State officials have said they plan to appeal the ruling to the Fifth U.S. Circuit Court of Appeals. In the meantime, they must comply with the judge’s injunction. Ellison’s order remains in effect for 90 days, carrying through the hottest months.

Local prison rights advocates say the prison heat problem should be treated as a humanitarian concern.

“It’s a human rights issue because these people do not have an option to go somewhere or do anything to enable them to cool off,” Erschabek said. “They wet the concrete to lay down on cool concrete and put a fan on themselves but it’s just biding time until the weather cools down. It’s just horrendous.”

Following the spate of heat deaths in 2011 and 2012, the Human Rights Clinic at University of Texas Law School spent two years interviewing TDCJ inmates about the heat.

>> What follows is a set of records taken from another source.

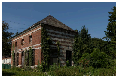
Orangerie vue depuis l'est.
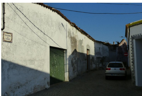
Travessa do Lagar – vista da Rua 1º de Dezembro
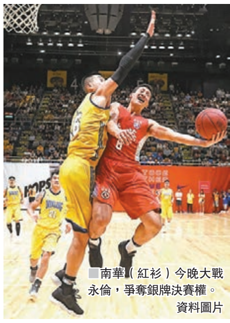
南華（紅衫）今晚大戰永倫，爭奪銀牌決賽權。 資料圖片

分身乏術的東方，明晚將在主場灣仔修頓擺陣，以衛冕身分繼續角逐ABL，於3場2勝的季後賽4強首回合賽事迎擊菲律賓火焰；但今晚的本地銀牌賽，如何調兵遣將考驗會方智慧。
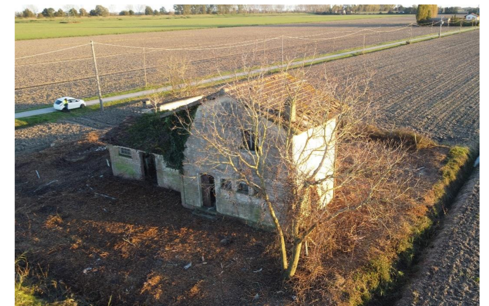
Figura 20. Foto Fonte: Regione Emilia-Romagna – Sopralluogo 2023
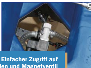
Einfacher Zugriff auf Batterien und Magnetventil

Professor Ariel Dulitsky, a human rights lawyer who runs the clinic, said researchers concluded the state’s treatment amounts to cruelty and torture, in violation of a United Nations Convention.

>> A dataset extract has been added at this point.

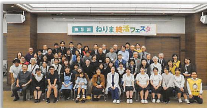
▲第5回 ねりま終活フェスタ—全員写真

練馬区補助金事業「相談情報ひろば」、「食のほっとサロン」子ども食堂、男性料理教室、子育て世代対象の「みんなで晩ご飯」練馬区協働ラボ事業「みんなで楽しく終活ボードゲーム」玄米粉のシフォンケーキ販売など行っています。

“All these people are under the absolute control of Texas, of the state, and everything that happens to them is viewed through the actions or omissions of the state,” he said. “At the end of the day, many of these situations amount to torture.”

He said it is a matter his students brought to the attention of the Inter-American Commission on Human Rights in October 2014, but TDCJ officials declined an invitation to respond to the law students’ allegations.

Dulitsky said the students concluded that Texas had violated international law.

“Due to the amount of suffering inflicted on many inmates, Texas is implicated in torturing inmates,” he said. “If Texas does not remedy the situation it will implicate the U.S., not just Texas.”